The public health landscape is due to change, with local authorities set to take over the role of commissioning some public health services from Primary Care Trusts in April 2013.
Among the problems they will need to tackle is the potential epidemic of non-communicable diseases, with diabetes, obesity, and smoking-related illness all continuing to pose problems for the NHS.
Public Health England is the body that will be set up to help manage the transition though encouraging leadership at local level, providing services and help local authorities in their new roles.
Speaking at the NICE Annual Conference in Birmingham, Professor John Newton, Regional Director of Public Health England, said it will do this through making partnerships at local and national level among bodies such as NICE. This is to ensure activities are successfully integrated under one banner.
Professor Mike Kelly, Director of the Centre for Public Health at NICE, commented that local government will pick up a vast amount of the work for the new public health system.
He added that NICE will have an important role to play in this, through making its guidance a standard resource for public health responsibilities, and so providing an evidence base for developing guidance that is also cost-effective.
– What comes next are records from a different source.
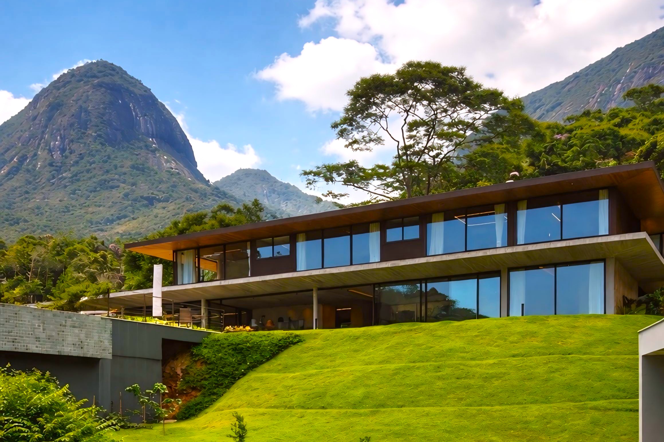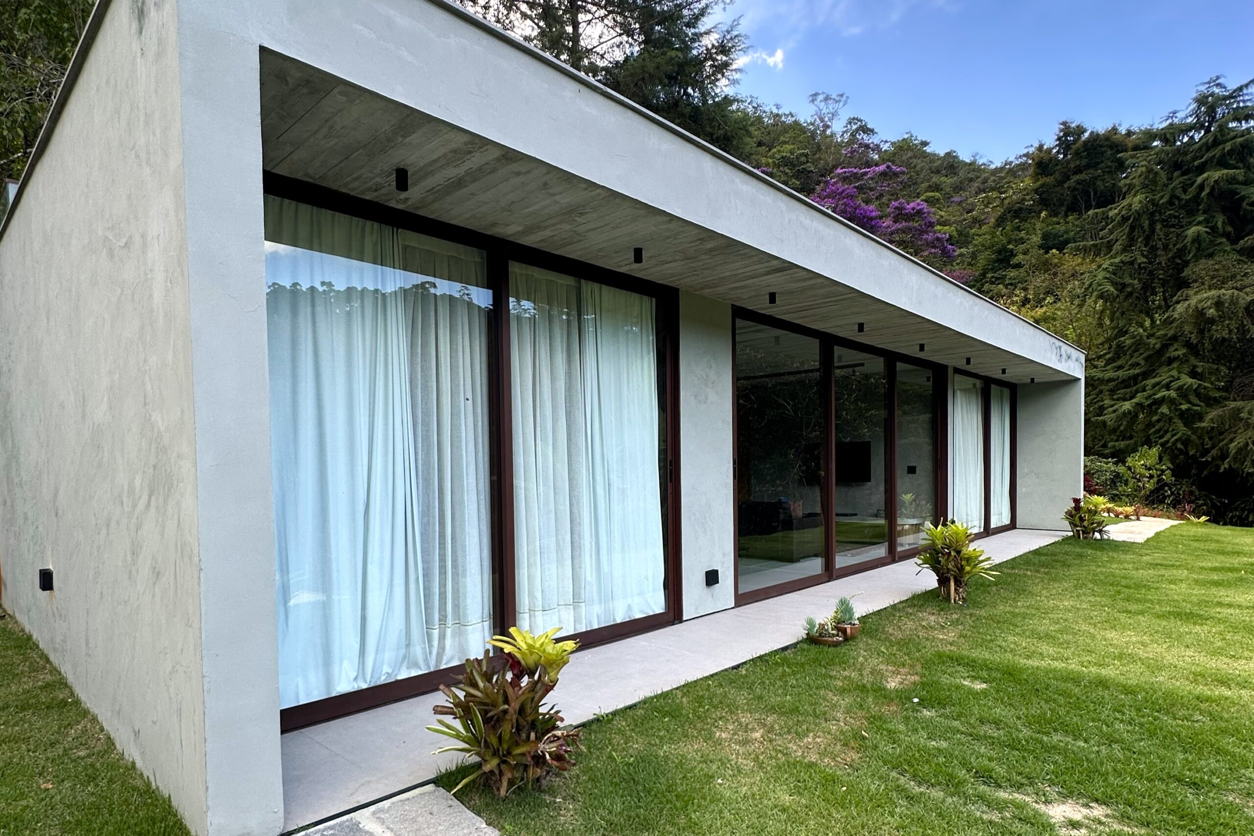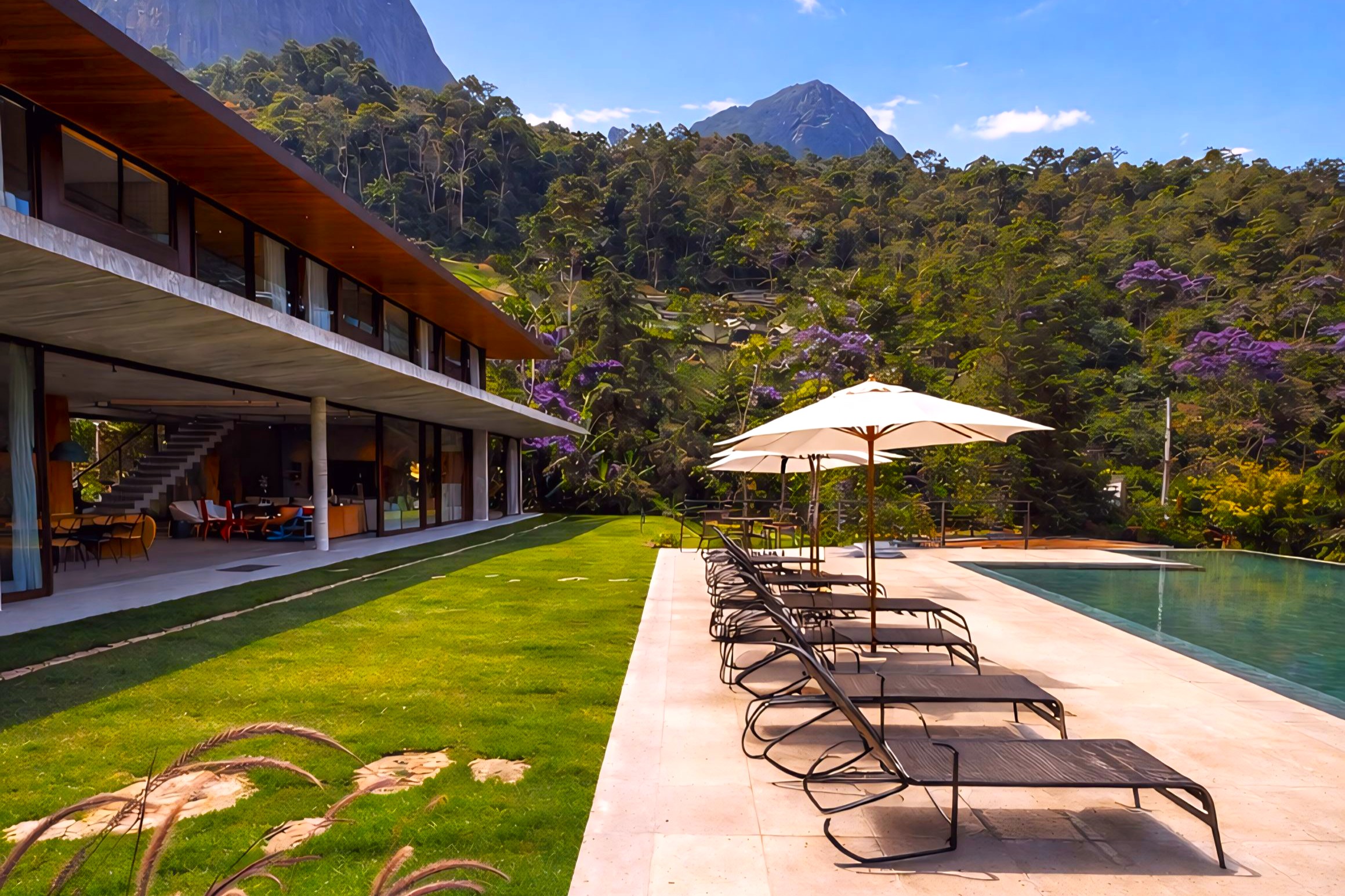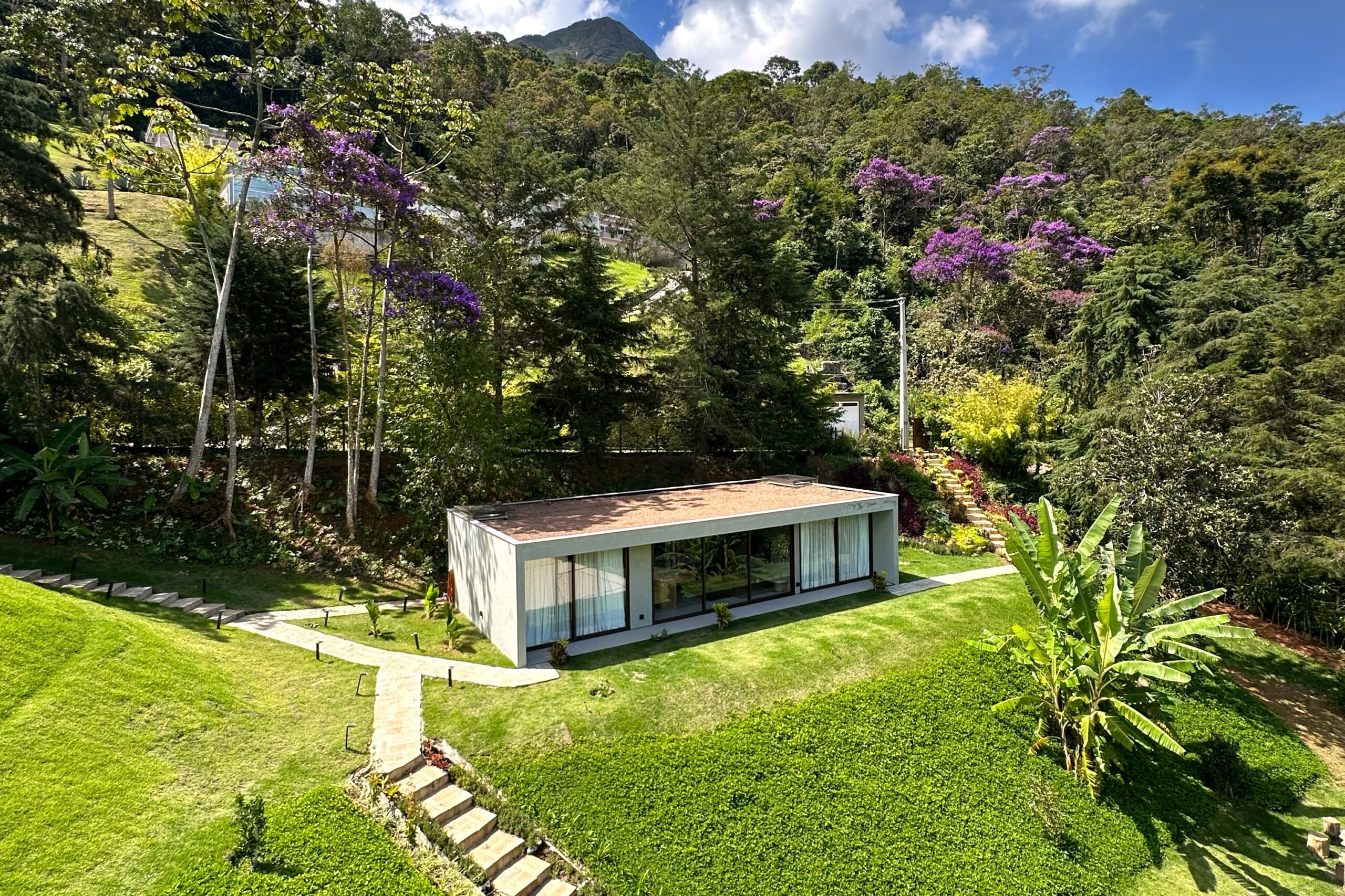 This contemporary 900 sqm residence, situated on a 7,000 sqm plot in the heart of the Atlantic Forest (Rock Valley Condominium), offers complete harmony with nature and a full range of amenities including 7 suites. The two-story main house features 4 suites on the upper floor, all with private balconies integrated into the main balcony. The ground floor offers ample parking, an office, a powder room, a living room with a fireplace, a climate-controlled wine cellar, and a spacious 75 m² gourmet area. The leisure area includes a dry sauna, a gym, a cinema room, and a heated infinity pool with a shallow end, as well as an equipped kitchen and service quarters. There is also an independent guest house with 2 suites, a living room, and a kitchen. The property features a sand court for beach tennis, fiber optic and Starlink internet with redundancy, a 70 kVA automatic generator, a photovoltaic system with an average generation of 2,800 kWh/month, and a hybrid water heating system. Inverter air conditioning is available in all bedrooms.
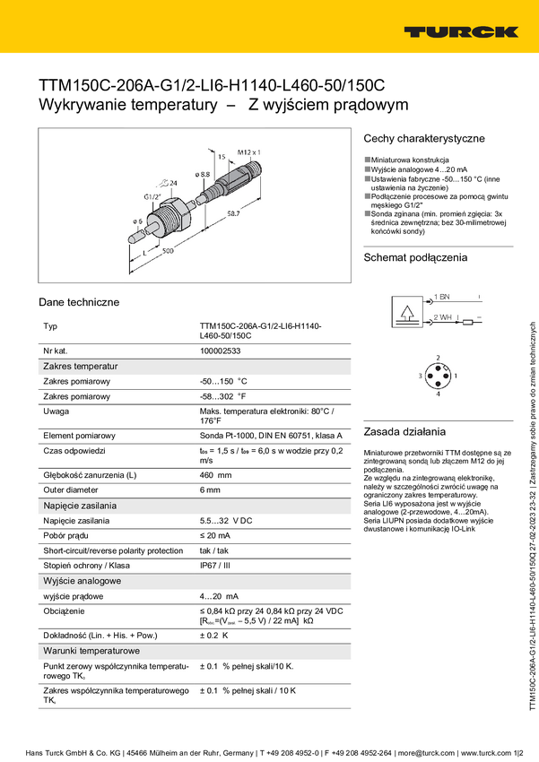 Turck 100002533 TTM150C-206A-G1/2-LI6-H1140-L460-50/150C Czujnik temperatury
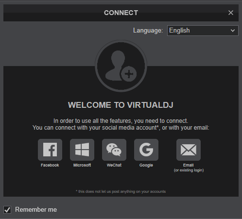 Once VirtualDJ is opened, a Connect Window will appear. Login with your Account’s credentials.
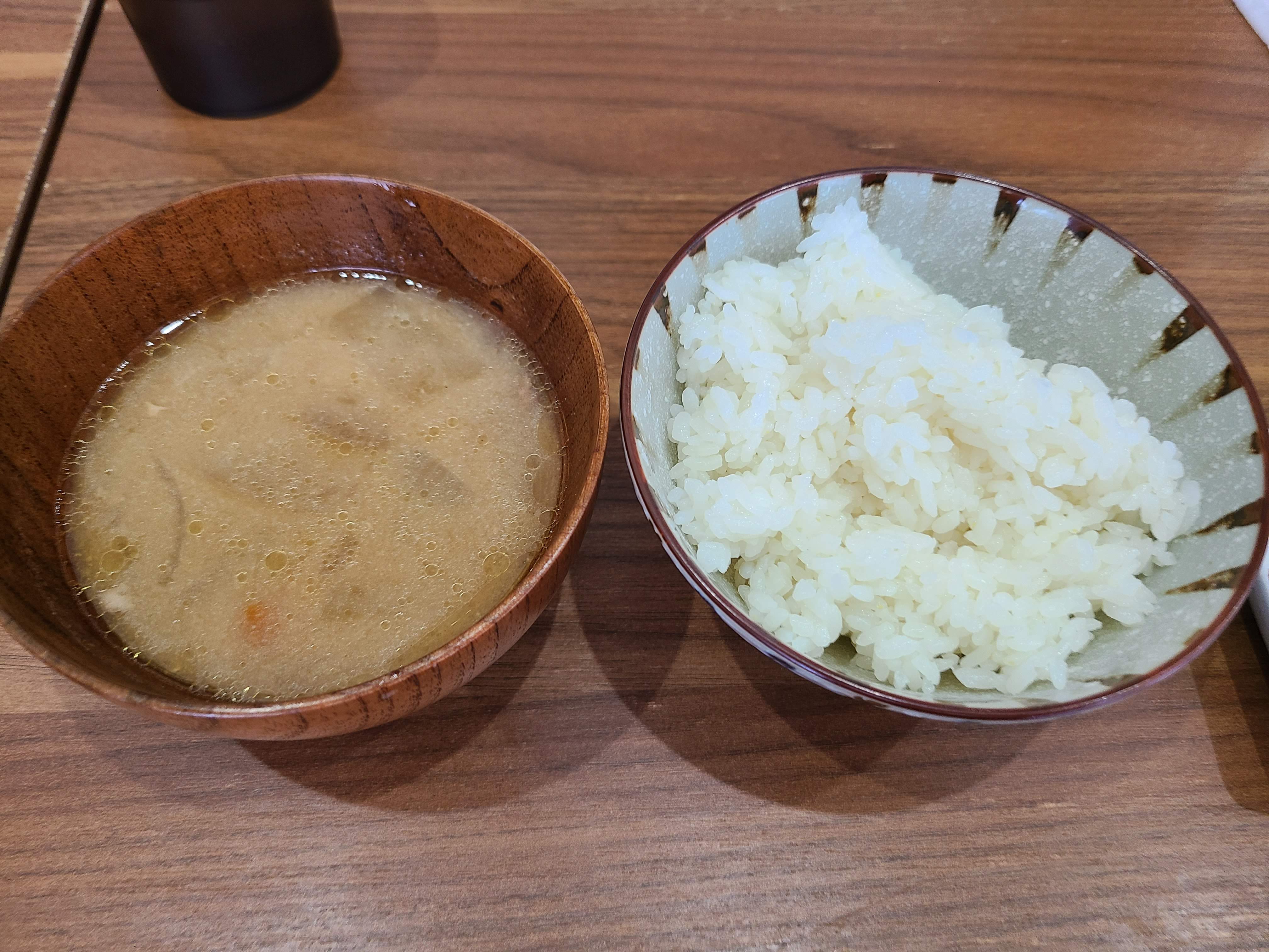 함께 나온 밥과 장국 입니다. 일본밥은 맛이 있네요. 그냥 밥만 먹어도 맛있습니다.
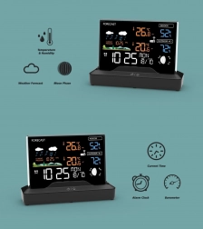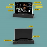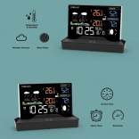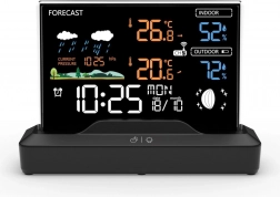 Díky bezdrátovému senzoru s dosahem až 30 m získáte aktuální teplotu a vlhkost z interiéru i exteriéru. Barometr a vestavěná předpověď počasí na 12–24 hodin vám usnadní plánování dne. Nechybí budík se snooze, kalendář ani zobrazení fází Měsíce.
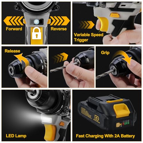 119 Pcs Cordless Drill Tool Kit Set; 20V Brushless Power Drill with 2.0Ah Battery, 10mm 3/8″ Keyless Chuck, 60N.M & 21+1 Torque Setting Power Tool Set for DIY Garden House Office Repai
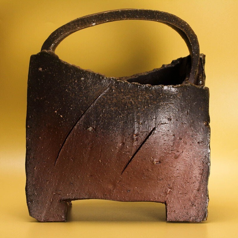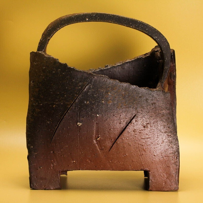 金重晃介 備前手付四方花器 共箱 共布 栞 本物保証
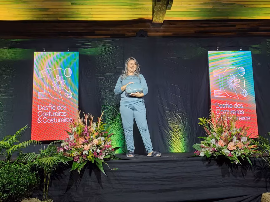“Calma na alma é um tema que escolhemos porque viemos muito acelerados após a pandemia, de tudo que aconteceu. Queríamos que as pessoas sentissem isso, que viesse essa ideia de natureza, de sentir, de estar presente e de aproveitar o momento. É isso que queremos passar para as pessoas: que elas tenham calma”, diz a presidente do Sindivest, Onésia Adriana Liotto.

It will also be developing public health briefings that will allow local government to implement advice at a local level and help integrate local decision-making.
Professor Kelly added that industry, such as drinks manufacturers, will play a role in helping improve public health.
He said that given the nature of the problem, it would be "fanciful" to attempt to make a serious impact on improving public health without the collaboration of those in industry.
"Corporate engagement is an important first step. It has to happen and should have happened a long time ago," he said.
Steven Ward, Director of Public Affairs and Policy at the Fitness Industry Association, agreed that a wide approach needs to be taken to tackle public health.
He said that the government's 'responsibility deal' is just one aspect of the response to tackling the challenges ahead.